▶ _What to do_: Only the lines in the entries below from the line with "Mari anak-anak ikut" to the line with "而反觀納瓦拉,在配置上則追求", both included, belong in the answer, transcribed exactly and without pictures.

--- --- ---

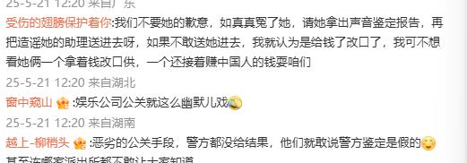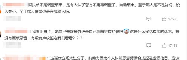 “哪个公安机关啊?报警记录和声纹鉴定报告呢?助理RH 不拘留 只是口头教育就结束了?开玩笑吗?”
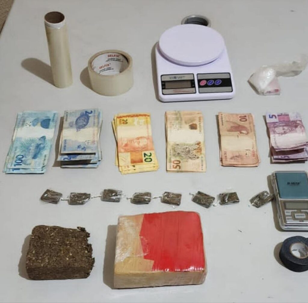 O jovem foi abordado na rua Nilso Gaspar, onde foi revistado e nada de ilícito foi encontrado, mas diante das denúncias, o jovem autorizou a entrada dos policias em sua casa, onde estava também sua namorada, e em busca no imóvel encontraram um tijolo e meio de maconha, oito porções menores da droga embaladas, uma balança de precisão, apetrechos para embalar as drogas, além de R$ 1.221,00 em dinheiro.
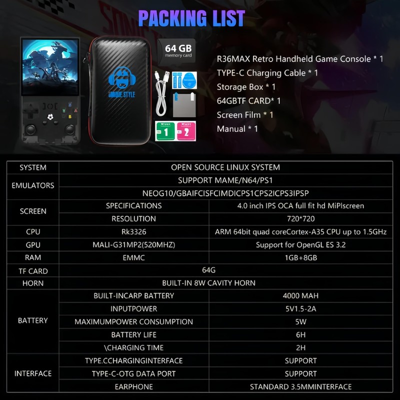 Games Storage: 64G built-in, plus TF card option, offers a 18000+ game library.
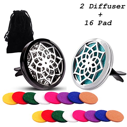 Car Air Freshener Aromatherapy Essential Oil Diffuser Vent Clip, COSCOD [2-Pack] with 16 Refill Pads Essential Oil Car Perfume Charm, Improve Air Quality Air Purifier - [Piano black/Bright silver]
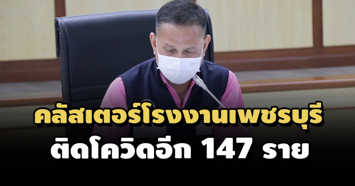 คลัสเตอร์โรงงานเพชรบุรี ติดโควิดอีก 147 ราย สะสมรวม 5,207 ราย ทำให้จังหวัดเพชรบุรีมีผู้ติดเชื้อจากการระบาดระลอกใหม่ รวม 5,912 ราย ด้านคกก.โรคติดต่อจังหวัด ขยายเวลา สั่งปิดสถานที่-ใช้อาคารในสถานประกอบการเพื่อควบคุมโรค ชั่วคราว
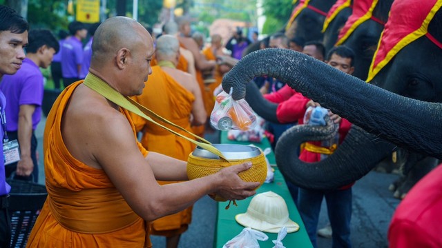 วันนี้เวลา 07.00 น. นายกัมพล ตันสัจจา ประธานสวนนงนุชพัทยาคณะผู้บริหาร และประชาชนทั่วไปร่วมประกอบพิธีทำบุญตักบาตร พระสงฆ์ 9 รูป ช้าง 19 เชือก ซึ่งเป็นประเพณีที่ดีงามที่ทางสวนนงนุชดำเนินการมาอย่างต่อเนื่องมากกว่า10 ปี ในพิธีมีการประพรมน้ำพระพุทธมนต์ให้ผู้เข้าร่วมพิธีและโขลงช้าง เพื่อความเป็นสิริมงคลกับผู้มาร่วมทำบุญ
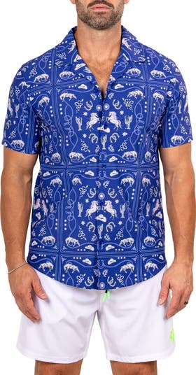 Make a statement in a bold camp shirt crafted from a soft, drapey fabric in a regular fit with a head-turning pattern the brand is known for.
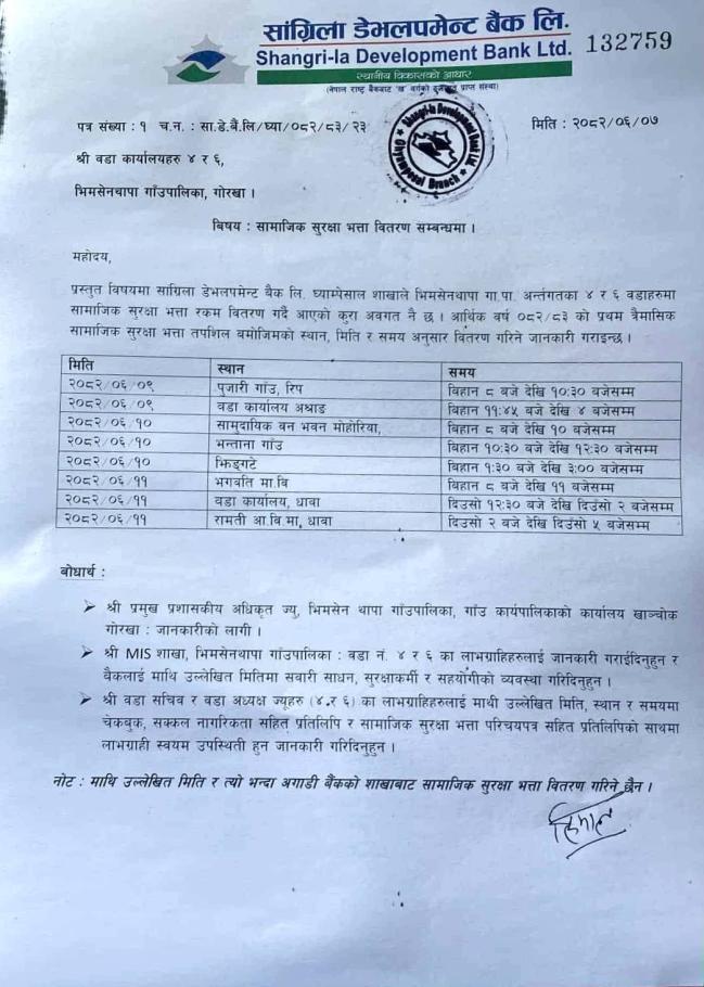 सामाजिक सुरक्षा भत्ता वितरण सम्बन्धी सूचना ।
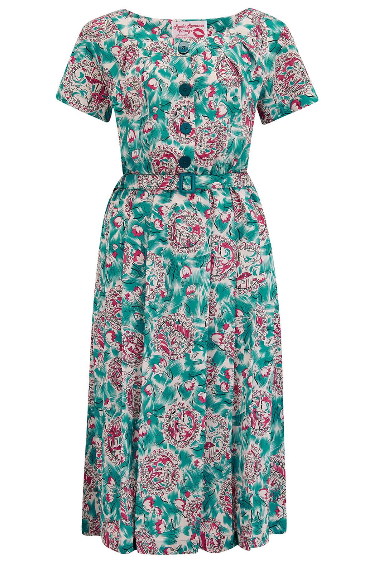💃 Slide into the past with a pinch of modern whimsy in the Brigitte Dress, a charming vintage swing dress. This retro glamour ticket 🎫 features a floral pattern in enchanting shades of teal and pink. The tulip petals-reminiscent overlapping front panels add a 1950s rockabilly 🎸 vibe to your look, whether for a vintage event or a casual day out.
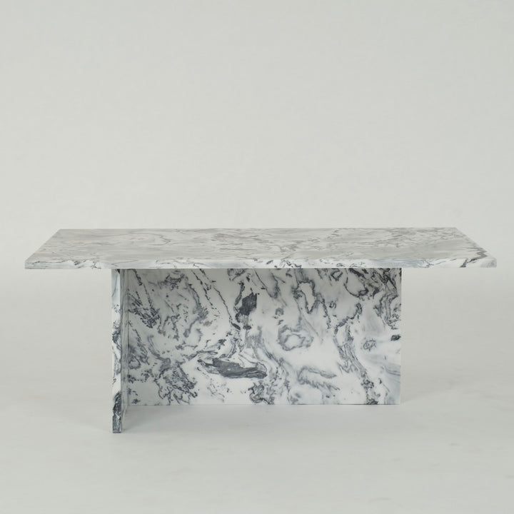 This modern cocktail table boasts a striking design featuring a single marble slab top supported by a T-shaped base.
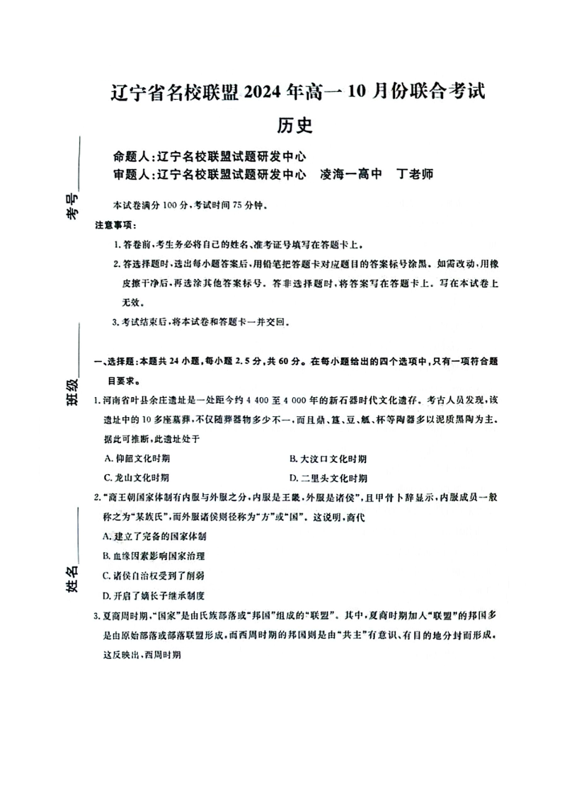 辽宁省名校联盟2024年高一10月份联合考试历史+答案
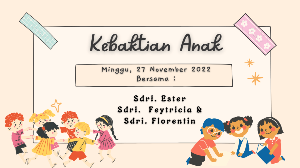 Mari anak-anak ikut bergabung dalam kebaktian anak. Minggu 27 November 2022 bersama Sdri. Ester, Sdri. Feytricia & Sdri. Florentin
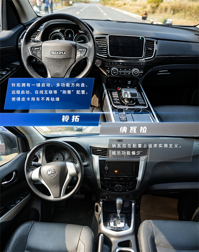 而反觀納瓦拉,在配置上則追求實用主義,多數位置采用了硬質塑料,娛樂功能也偏少,不過該有的安全配置也一個沒落下,更符合一些商業用車場景。
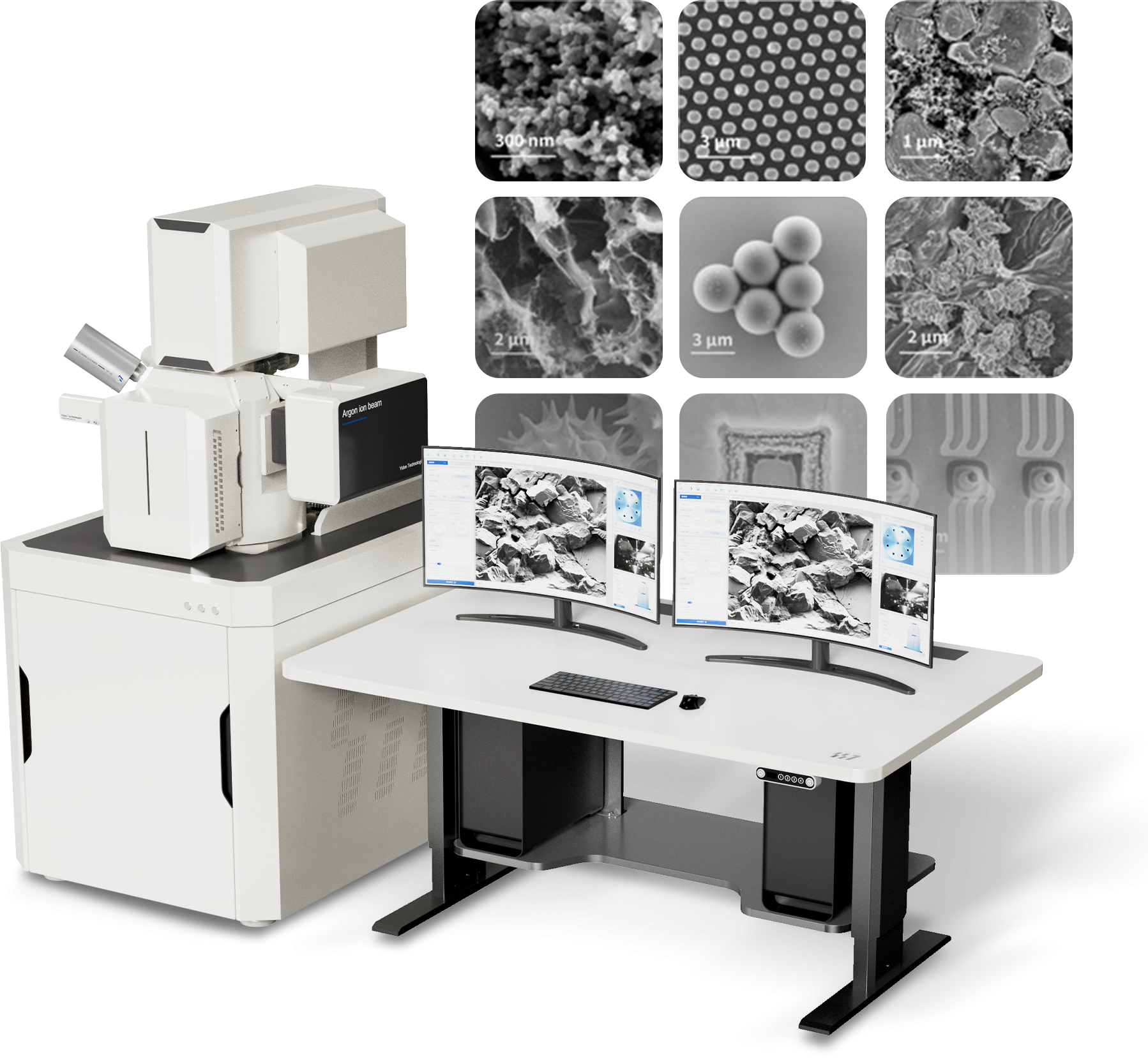 กล้องจุลทรรศน์อิเล็กตรอนแบบสแกนชนิดฟิลด์อิมิสชัน (FESEM) กล้องจุลทรรศน์นี้มีเทคโนโลยี Schottky FEG สำหรับการถ่ายภาพแรงดันต่ำความละเอียดสูง ประกอบด้วยตัวตรวจจับหลายตัวเพื่อจับภาพรายละเอียดสัณฐานวิทยาของตัวอย่าง การออกแบบแบบโมดูลาร์รองรับการกำหนดค่าแบบกำหนดเองและอุปกรณ์เสริมจากบริษัทอื่นหลายรายการสำหรับการถ่ายภาพและการวิเคราะห์ขั้นสูง ภาพแสดงอุปกรณ์ FESEM หลักและตัวอย่างภาพจากกล้องจุลทรรศน์ของตัวอย่างต่างๆ ที่กำลังขยายสูง
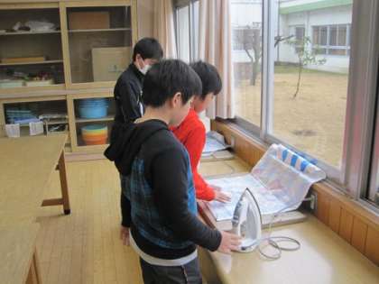 もう完成している子は自主学習に取り組み、ミシンで縫う子やエプロンにアイロンをかける子たちは完成に向けてやるべきことをがんばっていました。
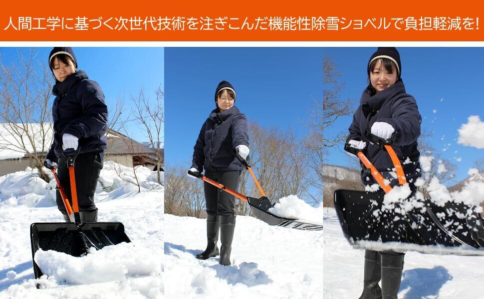 ポール部は丈夫な炭素鋼、皿部は樹脂(PP)で先端にワイドアルミブレード刃を採用。組立式で化粧箱内に分解された状態の梱包でお届けいたします。取っ手部分は弾力性がありその跳ね返る力を利用して重い雪上げ作業をサポートします。
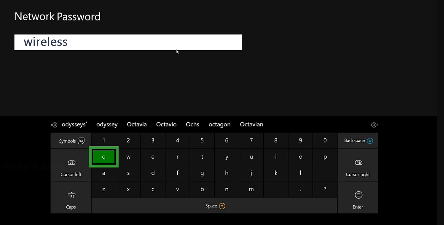 Now, your Xbox is asking for a password. This is like a secret code to get into your Wi-Fi. Please type wireless.
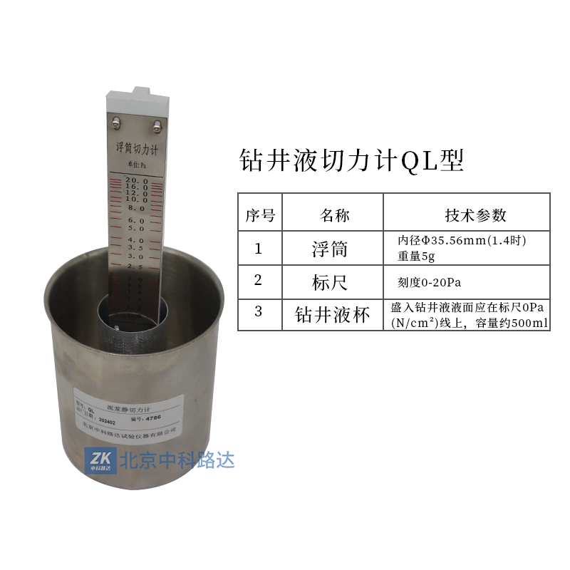 3 | 鉆井液杯 | 盛入鉆井液液面應(yīng)在標(biāo)尺0Pa(N/cm2)線上,容量約500ml |
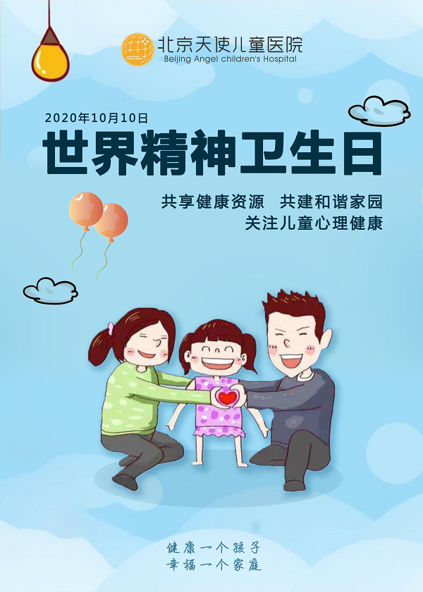 2020年10月10日是世界精神卫生日,旨在通过多途径的宣传教育,让儿童青少年掌握精神卫生、心理健康相关知识,使家长、学校、社会了解儿童青少年心理特点,全社会共同维护和促进儿童青少年心理健康,拥有健康快乐的人生。
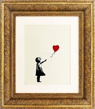 本美術館で展示している「Girl with Balloon(風船と少女)」は2004年に制作された150点のうちのひとつで、関係者への販売時のみ入れられるハートマーク付きのサインが作品左下に施されている、大変希少性の高い作品と言われています。額装は、2018年に「サザビーズロンドン」で開かれたオークションにおけるシュレッダー事件の額装を忠実に再現しています。
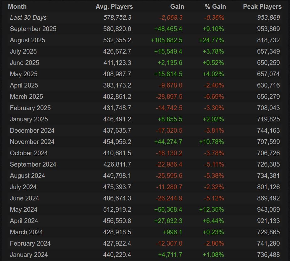 Пиковый онлайн в сентябре составил 953 869 человек – на 135 тысяч выше показателя августа и на 296 тысяч выше показателя июля.
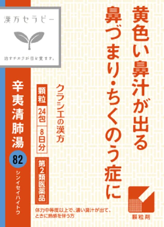 辛夷清肺湯(しんいせいはいとう) 「辛夷清肺湯」は、こもった熱を発散させて鼻の炎症を鎮めて、患部で発生する膿を抑えることで鼻通りを良くし、鼻づまり、慢性鼻炎や蓄膿症(副鼻腔炎)を改善します。また、呼吸器を潤す作用もあるため鼻の乾燥感が強い方に向いていて、鼻づまりの強い方の症状に効果を発揮します。
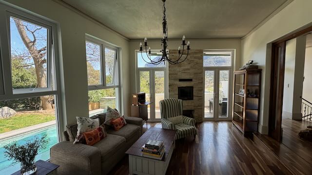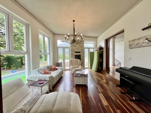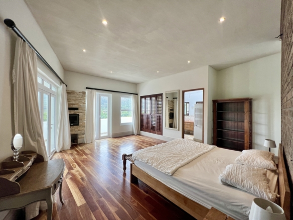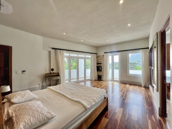 • Spacious Living: The home features four en suite bedrooms, with two upstairs bedrooms opening onto private balconies that showcase stunning mountain views. The open-plan kitchen and dining area are adorned with wooden floors, granite countertops, and a gas stove and electric oven. Three fireplaces—two in the lounge and one in the main bedroom—ensure cozy winter evenings.

--- --- ---

▶ _Reply to the task_:
 Mari anak-anak ikut bergabung dalam kebaktian anak. Minggu 27 November 2022 bersama Sdri. Ester, Sdri. Feytricia & Sdri. Florentin
 而反觀納瓦拉,在配置上則追求實用主義,多數位置采用了硬質塑料,娛樂功能也偏少,不過該有的安全配置也一個沒落下,更符合一些商業用車場景。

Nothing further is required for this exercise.